Reciprocating Engine Operating Cycles- 2 Stroke Cycle

• A reciprocating engine produces power through the following operations:

  • 1) The air-fuel mixture is introduced into the cylinder.

  • 2) The air-fuel mixture is compressed.

  • 3) The mixture is ignited.

  • 4) The gases expand with the application of heat and generate a force that acts on the piston.

  • 5) The combustion residue is scavenged and ejected from the cylinder.

• A two-stroke engine accomplishes these operations in two “strokes” of the piston or 360 degrees of crankshaft rotation.

• When the piston moves upward, two operations occur:

  • 1) The air/fuel mixture is compressed.

  • 2) A low pressure draws new air/fuel mixture into the crankcase.

• When the piston moves downward, two operations occur:

  • 1) The burnt air/fuel mixture is ejected.

  • 2) The low pressure in the cylinder draws in fresh air/fuel mixture.

• A two-stroke engine is lubricated as the air/fuel mixture circulates in the crankcase.

• The oil that is added to the fuel is centrifugally separated and coats the internal parts.

• NOTE—A leading advantage of a two-stroke engine is its light weight.
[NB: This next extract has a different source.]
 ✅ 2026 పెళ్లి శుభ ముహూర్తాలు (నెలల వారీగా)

This is because the engine has no lubrication system as such. (No sump, oil supply, pump, filters, galleries, etc.)

2 Stroke Engines

• Two stroke engines are simple and lightweight.

• They are commonly used as low cost power around the house such as weed eaters, small tillers, chain saws, go-carts, mini bikes.
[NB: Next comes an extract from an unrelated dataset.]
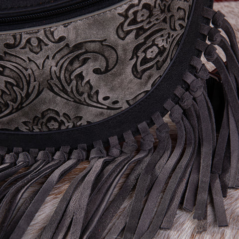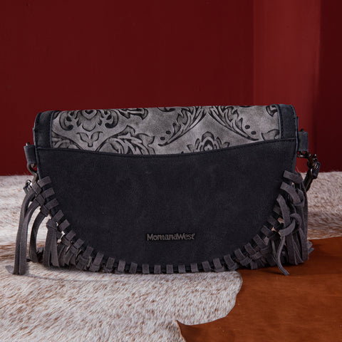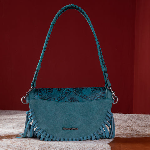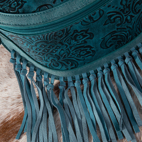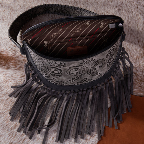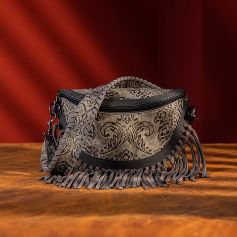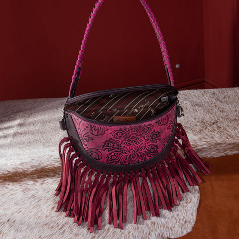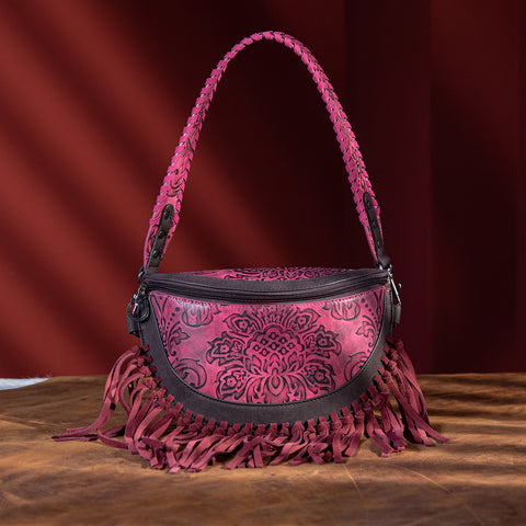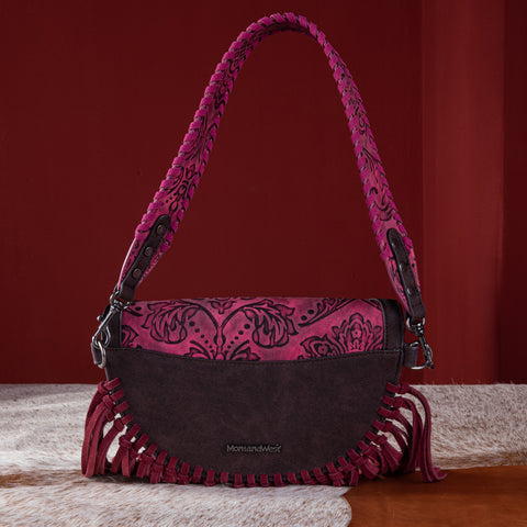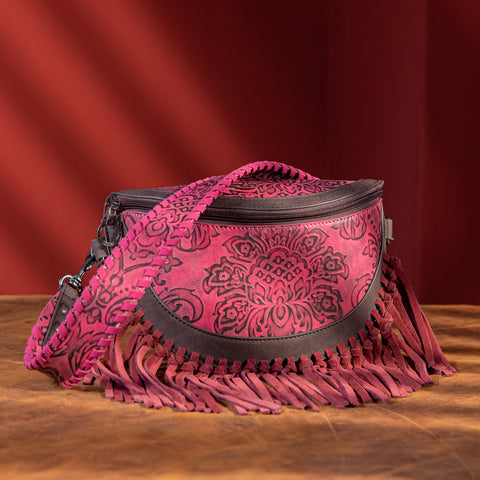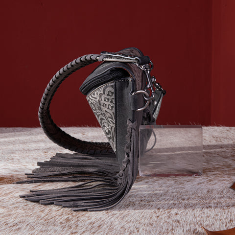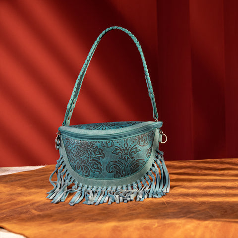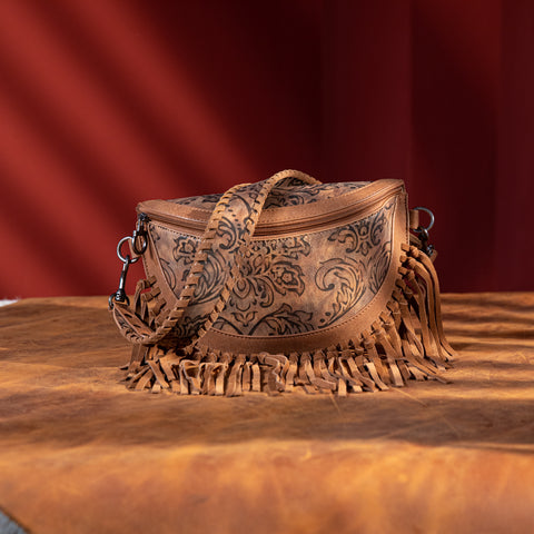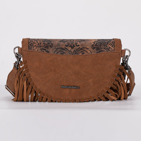 MWF1010-194 Montana West Embossed Floral Hand-Tie Fringe Bum Bag/Crossbody Bag

• Used on some ultralights and LSA aircraft such as weight shift aircraft.  Rotax 582

• Disadvantages: inefficient use of fuel, require oil and/or oil premix, difficult to cool, make power at high RPM.

Reciprocating Engine Operating Cycles- 4 Stroke Cycle

• The 4 stroke cycle is also referred to as the “Otto Cycle” after August Otto, who developed it

• The “stroke” that is referred to is 180 degrees of crankshaft rotation and is piston movement from top dead center (TDC) to bottom dead center (BDC).
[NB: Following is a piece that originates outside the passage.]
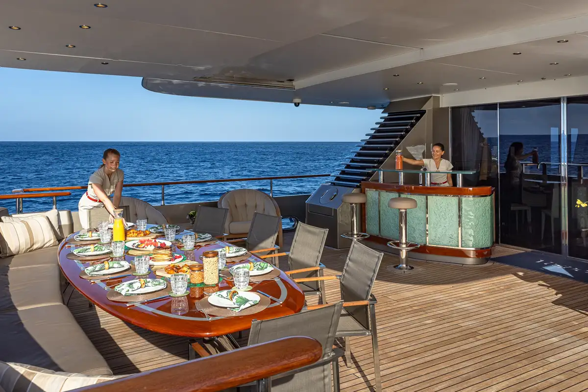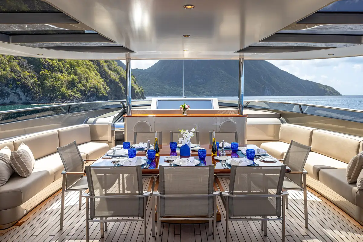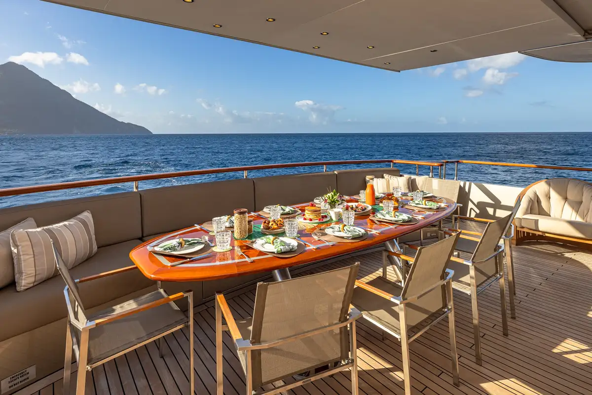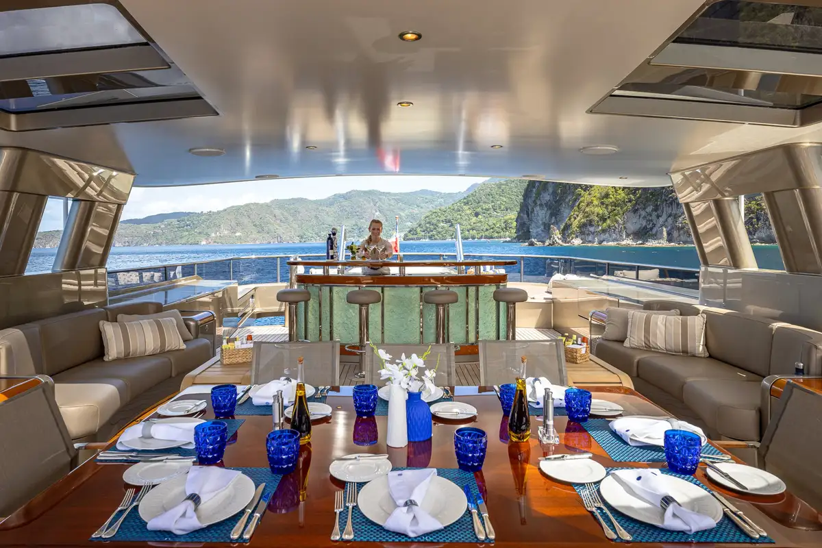 Savour exquisite culinary delights in three distinct dining areas, each hosting ten guests in refined elegance. Whether choosing to dine indoors or embrace the ocean breeze of the flybridge and main deck aft, each meal is bound to be remarkable.

• The 4 stroke engine requires 720 degrees (or two complete rotations) of crankshaft rotation to accomplish the intake, compression, ignition, power and exhaust processes.

• 4 Stroke (5 Event) Cycle:

  • Intake

  • Compression

  • Power

  • Exhaust

• The intake and exhaust valves must be precisely timed to allow for maximum volumetric efficiency during the intake process and for maximum scavenging during the exhaust stroke.

• To accomplish this, the valves are timed to open as early as possible and  close as late as possible and allow for a period of time when both the intake and the exhaust valve are both open (valve overlap).

• The cam lobes must be precisely ground to created the geometry necessary to create the correct “lead”, “lag”, “overlap”, “lift” and “duration” of the valve train.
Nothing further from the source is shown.